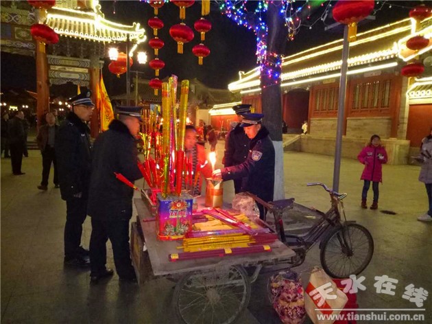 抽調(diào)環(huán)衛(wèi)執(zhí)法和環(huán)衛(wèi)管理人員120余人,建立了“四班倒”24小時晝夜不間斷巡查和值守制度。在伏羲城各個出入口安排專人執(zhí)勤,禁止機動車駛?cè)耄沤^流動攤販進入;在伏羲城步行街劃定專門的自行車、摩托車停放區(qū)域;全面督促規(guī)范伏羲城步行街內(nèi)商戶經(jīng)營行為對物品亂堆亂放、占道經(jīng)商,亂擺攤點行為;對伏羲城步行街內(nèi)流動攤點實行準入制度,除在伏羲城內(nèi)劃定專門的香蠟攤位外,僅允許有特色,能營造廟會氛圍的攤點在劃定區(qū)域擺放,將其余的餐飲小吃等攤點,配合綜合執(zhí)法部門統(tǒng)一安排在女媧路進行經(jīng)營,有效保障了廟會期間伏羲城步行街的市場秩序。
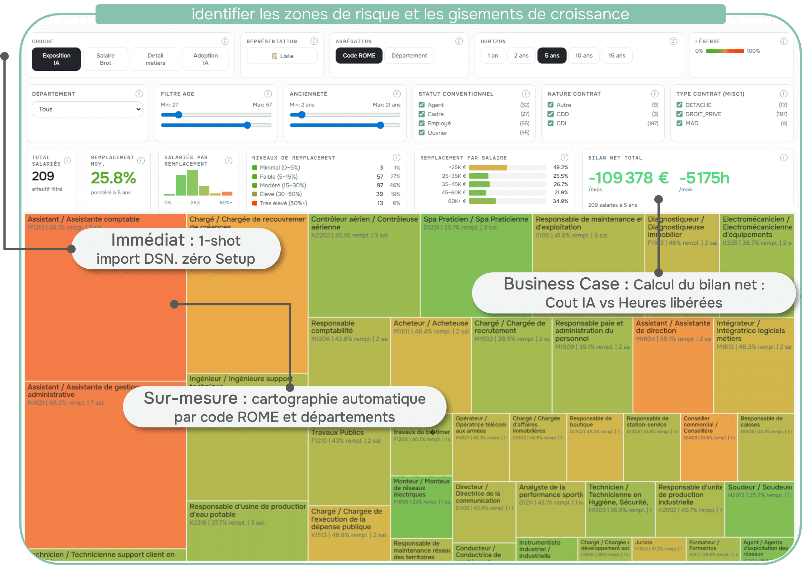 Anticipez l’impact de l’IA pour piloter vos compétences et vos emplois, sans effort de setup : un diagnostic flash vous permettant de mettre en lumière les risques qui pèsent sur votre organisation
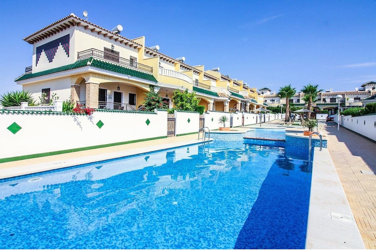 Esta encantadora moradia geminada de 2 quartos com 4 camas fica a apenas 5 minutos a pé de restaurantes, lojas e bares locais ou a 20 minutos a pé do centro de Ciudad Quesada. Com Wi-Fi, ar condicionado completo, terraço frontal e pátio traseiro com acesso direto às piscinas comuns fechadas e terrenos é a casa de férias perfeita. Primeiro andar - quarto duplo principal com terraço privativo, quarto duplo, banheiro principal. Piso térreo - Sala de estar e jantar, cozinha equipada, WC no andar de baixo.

▸ **The problem**: Reproduce each line above precisely, with no pictures.

▸ **Result for this exercise**:
 抽調(diào)環(huán)衛(wèi)執(zhí)法和環(huán)衛(wèi)管理人員120余人,建立了“四班倒”24小時晝夜不間斷巡查和值守制度。在伏羲城各個出入口安排專人執(zhí)勤,禁止機動車駛?cè)耄沤^流動攤販進入;在伏羲城步行街劃定專門的自行車、摩托車停放區(qū)域;全面督促規(guī)范伏羲城步行街內(nèi)商戶經(jīng)營行為對物品亂堆亂放、占道經(jīng)商,亂擺攤點行為;對伏羲城步行街內(nèi)流動攤點實行準入制度,除在伏羲城內(nèi)劃定專門的香蠟攤位外,僅允許有特色,能營造廟會氛圍的攤點在劃定區(qū)域擺放,將其余的餐飲小吃等攤點,配合綜合執(zhí)法部門統(tǒng)一安排在女媧路進行經(jīng)營,有效保障了廟會期間伏羲城步行街的市場秩序。
 Anticipez l’impact de l’IA pour piloter vos compétences et vos emplois, sans effort de setup : un diagnostic flash vous permettant de mettre en lumière les risques qui pèsent sur votre organisation
 Esta encantadora moradia geminada de 2 quartos com 4 camas fica a apenas 5 minutos a pé de restaurantes, lojas e bares locais ou a 20 minutos a pé do centro de Ciudad Quesada. Com Wi-Fi, ar condicionado completo, terraço frontal e pátio traseiro com acesso direto às piscinas comuns fechadas e terrenos é a casa de férias perfeita. Primeiro andar - quarto duplo principal com terraço privativo, quarto duplo, banheiro principal. Piso térreo - Sala de estar e jantar, cozinha equipada, WC no andar de baixo.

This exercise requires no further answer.